The Really Quite Good British Cookbook Edited by William Sitwell

Review by Kylie Thompson

Rating: 4.5 stars
Genre: cooking, charity
Publisher: Echo


I think we all know that a self-deprecating cookbook is always going to make my TBR pile. But when your modestly titled, rather massive cookbook is also a fundraising endeavour? I’m in.

‘The Really Quite Good British Cookbook’ is a celebration of the cultural melting pot that is modern British cooking. If you’ve ever believed the stereotype that English cooking is terrible, this is probably going to be a hell of an eye-opener to read. As much as those of us outside Britain might be prone to mockery, the truth is that many of the world’s most famous- and infamous- chefs are British. And yes, the higher ups of the British cookery pantheon are represented here: Nigella Lawson, Jamie Oliver, Marco Pierre White, Gordon Ramsay, and Rick Stein all have at least one recipe included into the mix.

The idea behind ‘The Really Quite Good British Cookbook’ is rather sweet: 100 of Britain’s finest, most iconic foodies have been asked a simple yet profoundly difficult question: what do you cook for yourself, and for the people you love?

These are the foods that are served up when the camera crew has left for the day, when there’s far less need for perfect plating or showing off. Let’s be honest: when you see 100 foodies talking about their favourite dishes, it’s easy to assume the recipes are all going to be well beyond the skill level of your average kitchen user. And yet, the majority of the dishes included here fall onto the ‘easy’ end of the cooking spectrum. This isn’t the sort of cookbook filled with beautiful photography and recipes you’ll never actually try: this is a practical, generally easy collection of new meal ideas.

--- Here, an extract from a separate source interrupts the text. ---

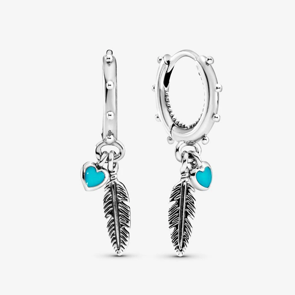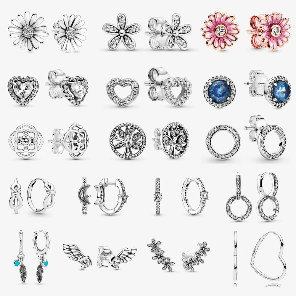 Серьги S925 серебряного цвета, цветок, сердце, перо, подходят для оригинальных модных сережек сделай сам для женщин, ювелирные изделия, серьги-гвоздики

The foods and flavours are diverse and well beyond tantalising; there are more than a few recipes that’ll leave you twitching to hit the kitchen and start making some magic. Be warned, though: these aren’t the slap-dash meals you’d throw together at the last second- unless you happen to have a perpetually perfectly-stocked kitchen to work from. And yet, the recipes look delicious enough to make a potential hunt for new ingredients feel less like a chore than an adventure.

This isn’t your typical cookbook. Proceeds from sales go to help The Trussel Trust; a UK initiative helping people in serious financial trouble keep food on their tables. Essentially, it’s a survival initiative for those trapped below the poverty line. It’s not a happy topic- it’s never nice to contemplate that while politicians are out howling at the moon about the evils of welfare, that welfare money isn’t always enough to keep the basics of food and shelter sorted. And yet, ‘The Really Quite Good British Cookbook’ exists as a way to support The Trussell Trust’s efforts to save lives. It’s a really quite staggering thought: buying this book will literally make someone’s life better. That’s a rather impressive feat.

‘The Really Quite Good British Cookbook’ is published by Echo, and is available through selected retailers.